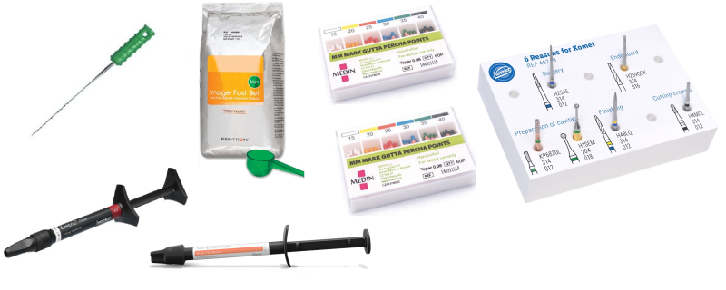 nervové ihly VDW + Image Alginate + Gutaperčové čapy 30/04 + Gutaperčové čapy 25/04 + Evetric Flow + SimpliShade Bulk Fill Flow + sada vrtákov "6 Reasons for KOMET" ( 195,90 €)
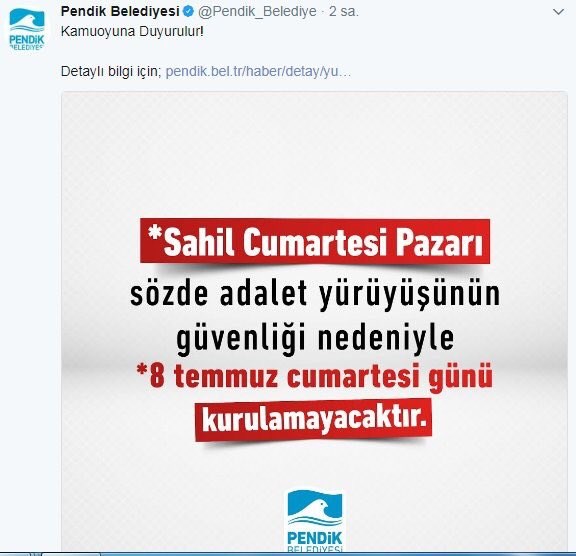 AKP’li Pendik Belediyesi de 9 Temmuz Pazar günü Maltepe Sahili’nde gerçekleştirilecek Adalet Mitingi için, yaptığı bir paylaşımda “sözde” Adalet Yürüyüşü tanımında bulunarak, Cumartesi günleri sahil yolunda kurulan pazarın iptal edilme gerekçesini de Adalet Yürüyüşü olarak göstermişti.
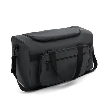 Bolso utilitario confeccionado en satén color negro. Hecho con materiales resistentes y biodegradables, cuenta con amplio compartimento principal, costuras reforzadas y diseño funcional. Es ideal para transportar herramientas, ropa o equipos en entornos laborales, deportivos o de viaje.
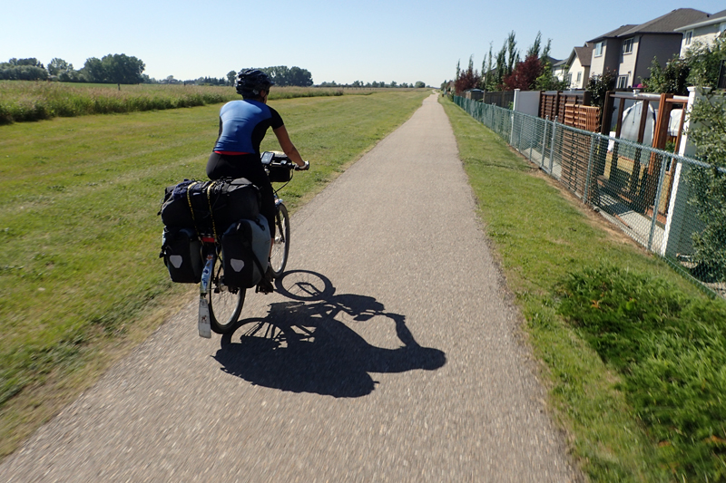 We decided to leave late this morning as we have some time up our sleeve prior to reaching Calgary and it would be a hot day. We had not even had to pitch the tent last night as Heather offered us the pullout couch! We ended up leaving at around 10:30 am. It was nice to have someone wave us off on our travels this morning!
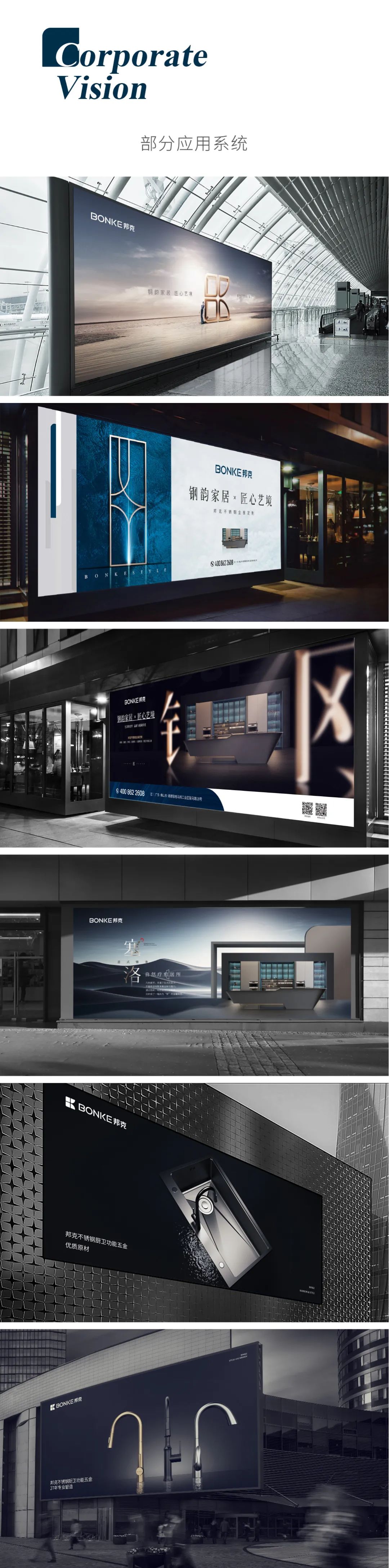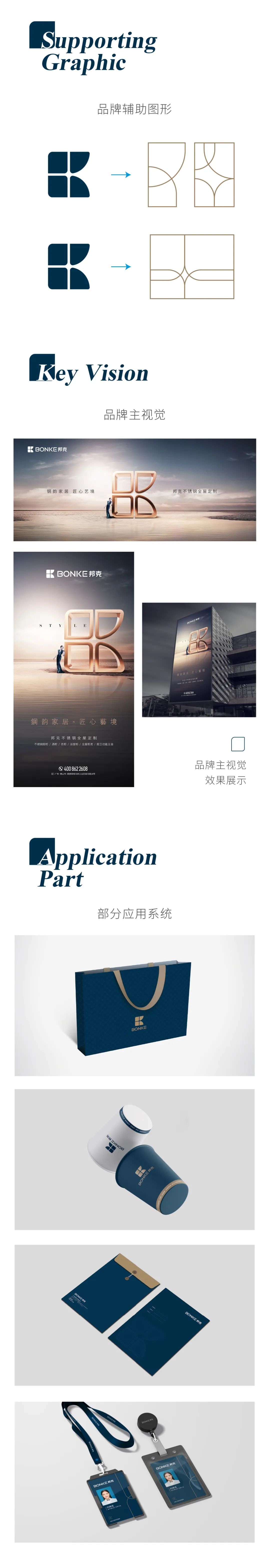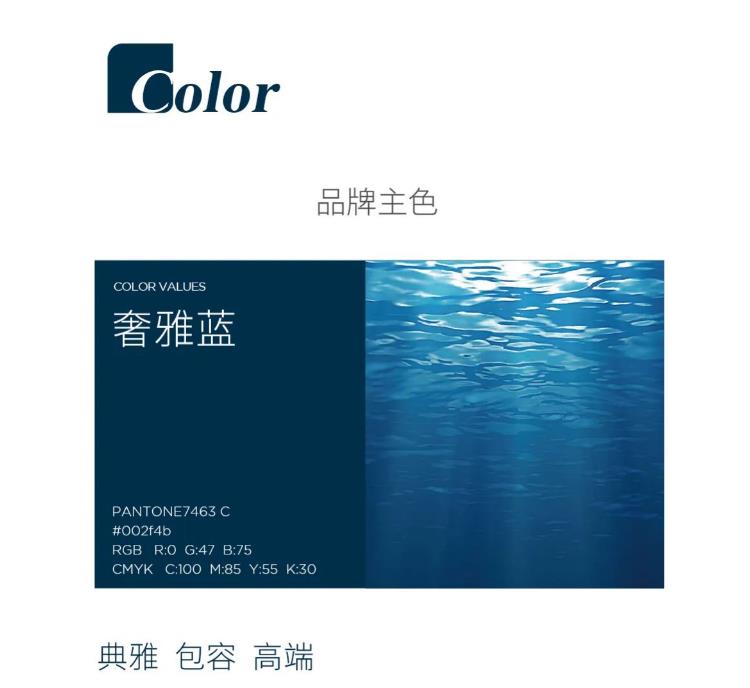 將原深棕色提升為奢雅藍,如大海般包容,如星空般神秘,高貴而沉靜的藍色沉積著歷史的底蘊,匯聚著文化的融合,寓意品牌將往更高端的定制家居行業迭代,企業的使命與愿景通過色彩傳遞給菁英新貴人群。

_____

Leave out the images and copy all remaining data word for word.

Response box =>
 nervové ihly VDW + Image Alginate + Gutaperčové čapy 30/04 + Gutaperčové čapy 25/04 + Evetric Flow + SimpliShade Bulk Fill Flow + sada vrtákov "6 Reasons for KOMET" ( 195,90 €)
 AKP’li Pendik Belediyesi de 9 Temmuz Pazar günü Maltepe Sahili’nde gerçekleştirilecek Adalet Mitingi için, yaptığı bir paylaşımda “sözde” Adalet Yürüyüşü tanımında bulunarak, Cumartesi günleri sahil yolunda kurulan pazarın iptal edilme gerekçesini de Adalet Yürüyüşü olarak göstermişti.
 Bolso utilitario confeccionado en satén color negro. Hecho con materiales resistentes y biodegradables, cuenta con amplio compartimento principal, costuras reforzadas y diseño funcional. Es ideal para transportar herramientas, ropa o equipos en entornos laborales, deportivos o de viaje.
 We decided to leave late this morning as we have some time up our sleeve prior to reaching Calgary and it would be a hot day. We had not even had to pitch the tent last night as Heather offered us the pullout couch! We ended up leaving at around 10:30 am. It was nice to have someone wave us off on our travels this morning!
 將原深棕色提升為奢雅藍,如大海般包容,如星空般神秘,高貴而沉靜的藍色沉積著歷史的底蘊,匯聚著文化的融合,寓意品牌將往更高端的定制家居行業迭代,企業的使命與愿景通過色彩傳遞給菁英新貴人群。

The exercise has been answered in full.